24th February 2022 Reality Loses Its Contours

View from an apartment in a Moscow prefabricated housing estate, Russia.
View from an apartment in a Moscow prefabricated housing estate, Russia, 15.06.2012. | Photo (detail): Thomas Trutschel © picture alliance /photothek

Suddenly, nothing is the way it used to be - this is what people in and from Ukraine have been experiencing since 24th February 2022. All Russians must now stand up and speak out, urges the Russian writer Alisa Genieva, for nothing will be the way it was anymore.

It was waking up to an endless tumult of horror, shame, pity and disbelief. The confirmation of expectations, fears and anxieties that lay dormant deep down inside me. For eight long years I had been waiting for this to happen, for eight long weeks I was petrified at the thought of the impending war. But it wasn’t until the rumbling started that reality lost its contours.

Morning gave way to afternoon, and afternoon to evening. It seemed impossible to emerge from the black torrent of bad news. Impossible to work on constructing anything at all, even to plan small things, to think about anything but the war, this bloody imperialist attack launched by my country and in my name. That the aggressor leading my country and all his subservient minions are ruling the country so phenomenally and committing acts of violence that we tolerate. They are in power because of all the Russians who’ve resigned themselves to the fact that they’re not citizens, have nothing to do with politics, have no influence on anything anyway, that they don't want to wade through all this news crap, they just want to water their flowers and pet their kittens. Blood is flowing because of every single one of these silent persons, and every single one of them will be punished. Even those who did not comply, those who spoke out and took to the streets, for which they will be branded as easily-bought traitors to the fatherland and as local madmen – even they will atone. Everyone is to blame for remaining silent, for letting themselves be infantilized, for the failure of the majority of the population to intervene.

No Turning Back

The day went by in an endless tumult of breaking news and the background noise of sobs, screams, questions, helplessness and – what is revolting – cheering. Boundless rage and terror in some quarters, cannibalistic delight in others. Many exuded some no longer oppressive, insatiable imperialistic urge.

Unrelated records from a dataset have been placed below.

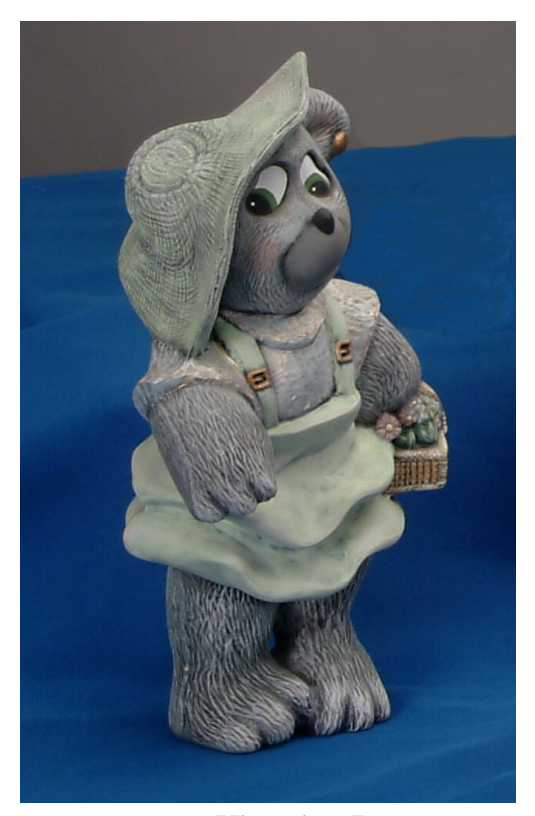
#903 <u>Victorian Bear</u> 8 \times 4 \times 3 "

#901 can be used as a cake topper #902 & #903 can be used as a bank
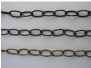
8 ga. Black, Rust, Antique Brass

We offer three standard chain finishes. They are black, rust, or antique brass. We can also match paint colors if you provide a color number. Please specify which finish you prefer when ordering. Click on any photo to enlarge.
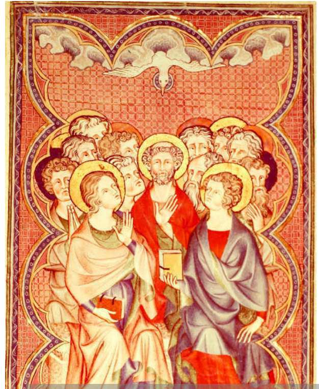
British library Pentecost Description: (Whole folio) The descent of the Holy Spirit, in the form of a large flattened dove flying down directly over the head of the Virgin and the twelve apostles. In the foreground, the Virgin and St. John are seated on a stone bench Title of Work: Psalter of Robert de Lisle Author: - Illustrator: Majesty Master Production: England [London?]; 1330-1340

Verses 32-33: " 32 This Jesus God has raised up, of which we are all witnesses. 33 Therefore being exalted to the right hand of God, and having received from the Father the promise of the Holy Spirit, He poured out this which you now see and hear."
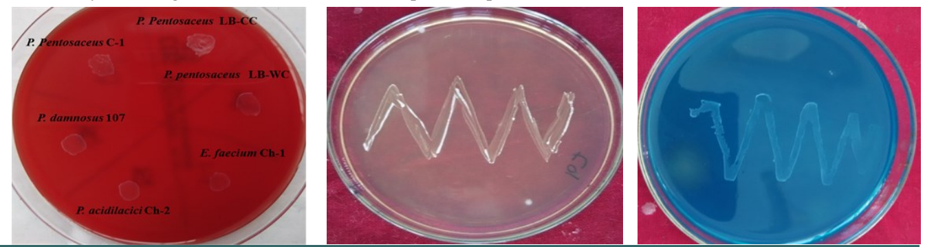
Figure 3 Haemolytic, Gelatinase and DNase activity of Enterococcus faecium Ch-1

Safety assessment with regard to hemolytic potential is an essential phase in the selection of Enterococci as potential probiotics (Fig.4). E. faecium Ch-1 showed no positive hemolysis, DNase and gelatinase enzyme activities, thereby revealing its safe status and its use as potential probiotic candidate.
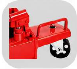
Four handles for easy repositioning
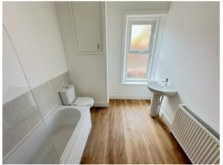
Bathroom 9'2" x 7'11" (2.799m x 2.414m)
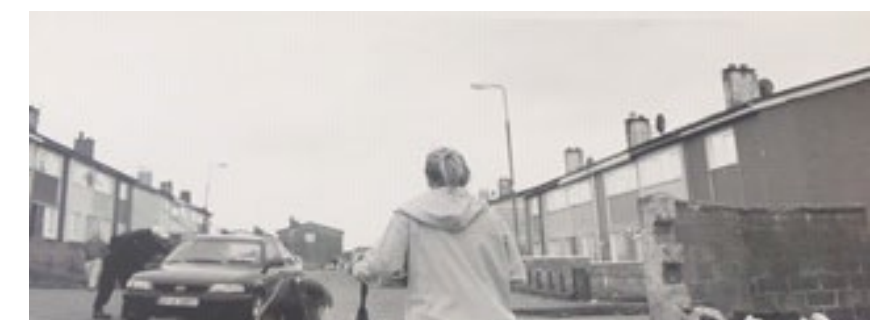
Figure, 2: Woman pushing a pram past some rubble
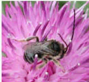
Melissodes Bee (Above and below) Very long antennae
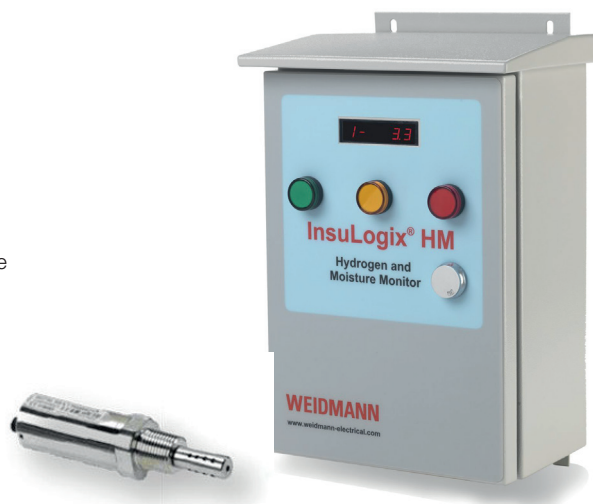
Optional moisture-in-oil sensor package
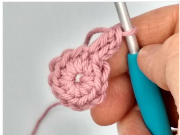
Place 1 dc into the same st as the ch 2.
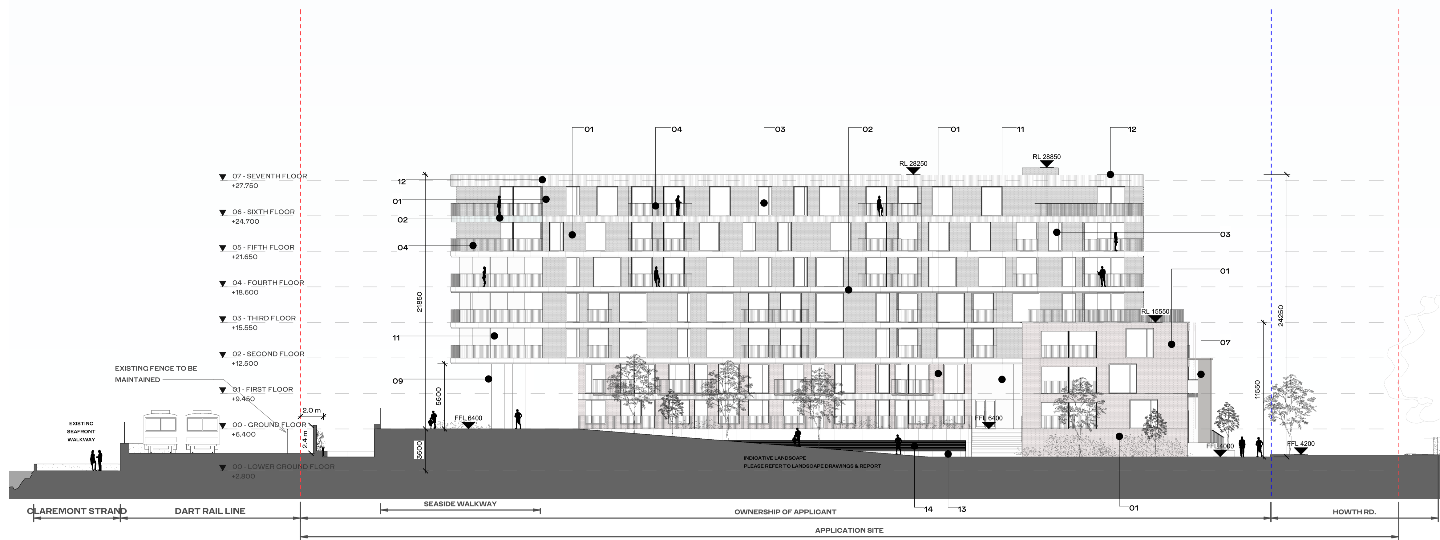
1 BLOCK B - WEST ELEVATION 1:200

Architecture + Interiors henryjlyons.com +353 1 888 3333 info@henryjlyons.com 53-54 Pearse Street Dublin D02 K466
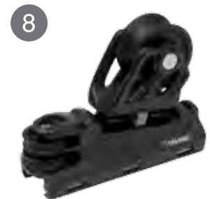
8 Genoa car high load
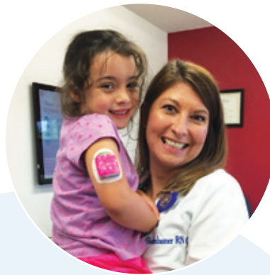
RDLC Teaching Our Youngest Clients

The RDLC truly cares about the success of each and every diabetes patient. Please call 870-508-1765 for more info.
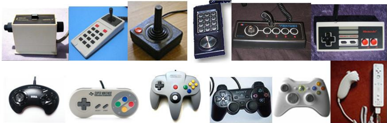
Figure 1. From left to right, top to bottom illustration in the chronological order of gamepads: Magnavox Odyssey, Radofin, Atari 2600, Intellivision, Vectrex, NES, Mega drive, Super NES, N64, Ps2, Xbox 360, Wii.
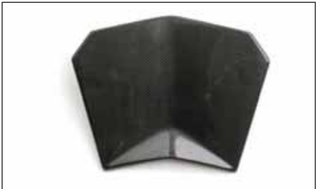
Carbon instrument cover

Made of the finest Italian carbon for a very attractive racing look combined with a considerable weight reduction.
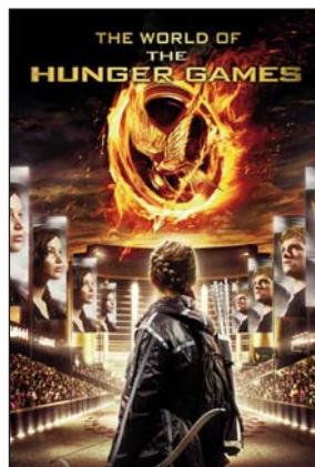
New movie-related cover for The Hunger Games !

The Hunger Games is the first book in a trilogy written by Suzanne Collins. The novel, released in 2008, tells the story of 16-year-old Katniss Everdeen, living in a post-apocalyptic world, who takes her younger sister's place in the deadly televised Hunger Games. The winner of the competition receives enough food and material goods that their family will never have to worry again, but this comes with a price - they must choose between survival and humanity. All three books in the trilogy - The Hunger Games , Catching Fire and Mockingjay are now available for 20% off at the University Bookstore.
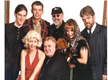
The cast of Rehearsal for Murder will keep you on the edge of your seat wondering "who dun it?"

Tickets are $75 each and are available from the PCRC Office at 56 Royal Road N, the Royal Bank at 140 Saskatchewan Ave E or the Portage Co-op Customer Service Desk. For telephone orders or Group Rates call 240-7272.
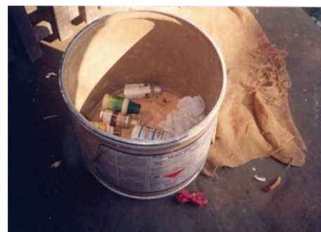
FIGURE 4: Pesticide in open container inside the cattle-shed (Amarabati village).

The farmers considered pesticides to be stored in a safe manner if they were kept out of reach of children but with little regard for the safety of other members of the family. Farmers added that it was impossible to keep pesticides in locked boxes or in a confidential place out of reach of other members of the family because they were sometimes actively involved in agricultural activities. Moreover, some farmers who were also involved in fishing said that another member of the family had to spray pesticides while they were away, and they had to know where the pesticides were stored. Although, most farmers are poor and cannot afford to purchase separate cupboards or locked boxes for storing pesticides, those who did have cupboards or locked boxes stored their pesticides along with other belongings such as clothes. Some farmers mentioned that, during the farming season, they are frequently required to spray pesticides, and it is inconvenient for them to store pesticides away in locked cupboards or
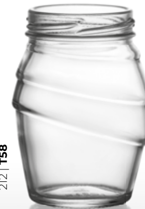
212 | T58

Design by Benjamin Hein Burg Giebichenstein - Halle

I was in bed with the corona virus and fever and couldn’t go out into the streets of the city to express my “no” in person, but friends of mine, people close to me and some housemates were there. I spent much of the night going through the lists of those arrested, looking for their names. Some of them got grabbed, some are still locked up. But day after day, people are still taking to the streets. Day after day, the war is devouring human lives, the news keeps flooding in, the darkness is deepening. And yet there are fleeting glimmers of hope, too: isn’t it always darkest just before the dawn?

We will never be able to get back to the lives we had before. And the future promises exertions. But there is still this faith in a coming catharsis and victory. Victory over the evil within our country and within ourselves. It’s every Russian’s duty to flush out the little dragon inside ourselves – that proud, narcissistic, distrustful, xenophobic little monster that’s envious of others and dreams of expansion and omnipotence – and to strangle it. It’s going to hurt but there’s no other way.